◆ **What is being asked**:
Below are some records. Return exactly their lines from the one containing "Purple, Faux Gold" through the one containing "2회말 2사 만루 상황", and drop the pictures.

◆ **Data provided**:

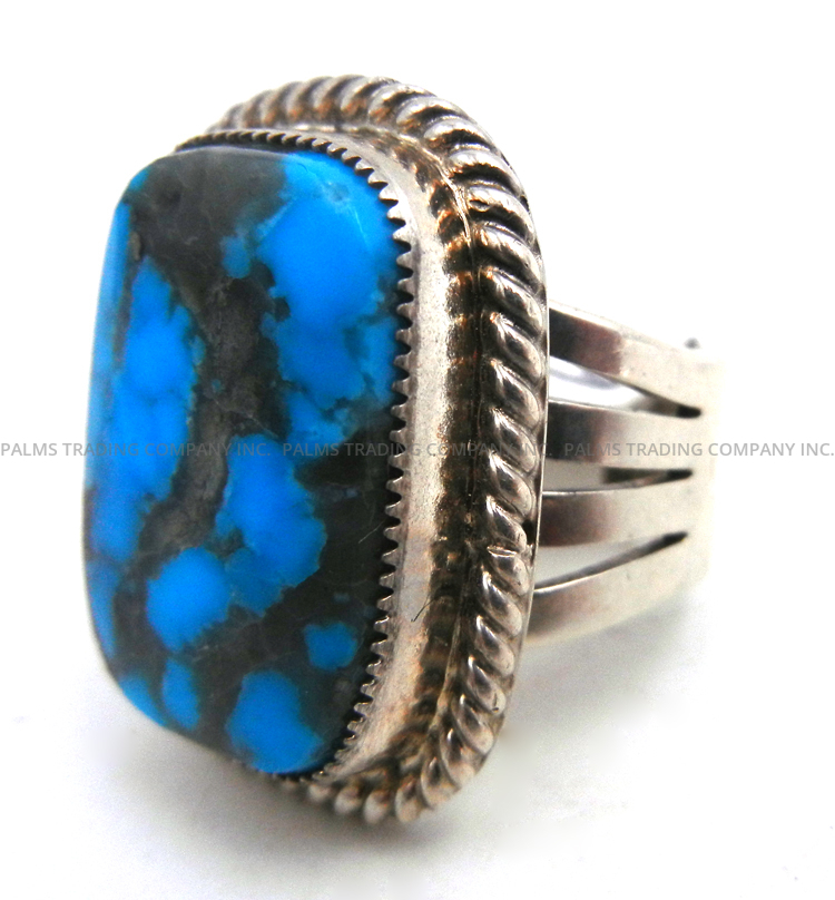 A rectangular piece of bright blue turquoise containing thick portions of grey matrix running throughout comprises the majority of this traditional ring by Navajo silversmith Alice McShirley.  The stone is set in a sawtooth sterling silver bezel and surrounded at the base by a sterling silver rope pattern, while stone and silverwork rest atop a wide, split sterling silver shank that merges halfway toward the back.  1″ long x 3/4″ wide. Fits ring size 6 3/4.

...

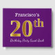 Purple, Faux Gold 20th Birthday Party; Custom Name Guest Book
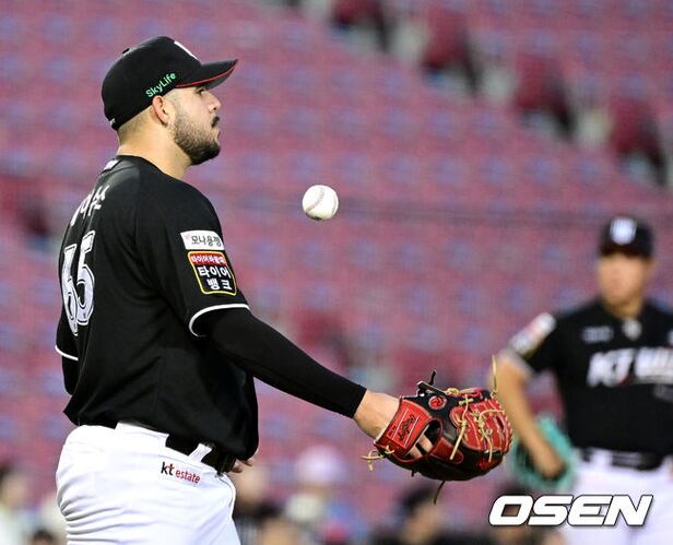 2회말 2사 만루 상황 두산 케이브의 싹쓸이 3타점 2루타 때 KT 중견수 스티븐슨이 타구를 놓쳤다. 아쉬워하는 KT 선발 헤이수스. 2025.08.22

--

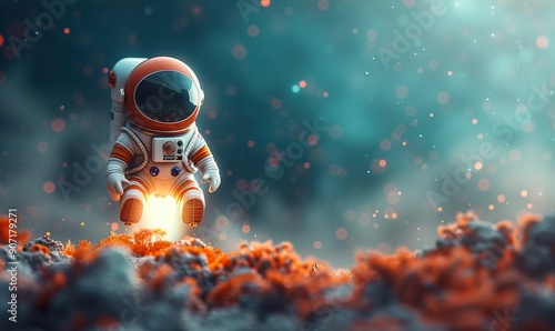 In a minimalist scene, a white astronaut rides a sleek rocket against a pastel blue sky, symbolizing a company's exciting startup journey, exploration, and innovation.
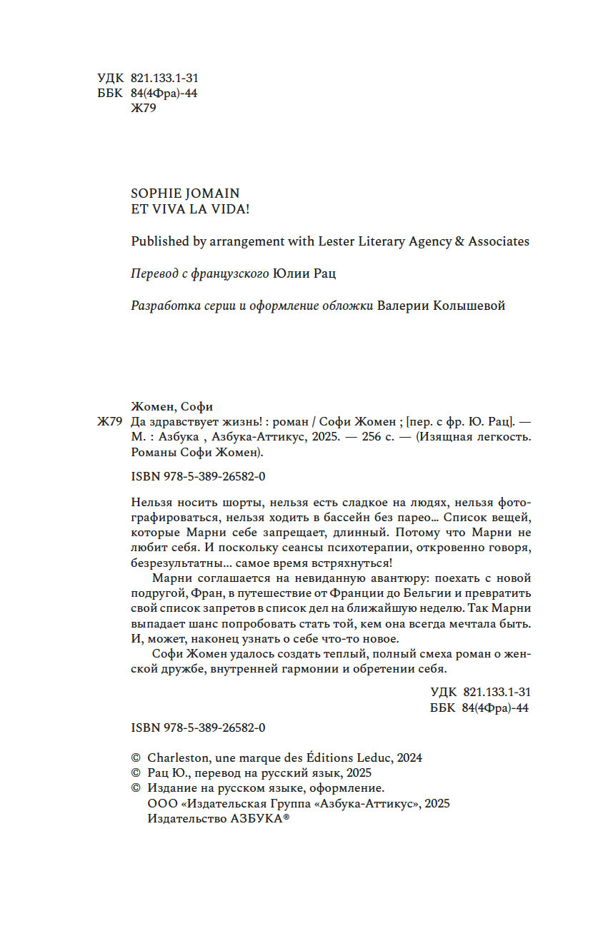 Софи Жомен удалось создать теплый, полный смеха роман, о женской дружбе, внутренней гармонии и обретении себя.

◆ **Output**:
 Purple, Faux Gold 20th Birthday Party; Custom Name Guest Book
 2회말 2사 만루 상황 두산 케이브의 싹쓸이 3타점 2루타 때 KT 중견수 스티븐슨이 타구를 놓쳤다. 아쉬워하는 KT 선발 헤이수스. 2025.08.22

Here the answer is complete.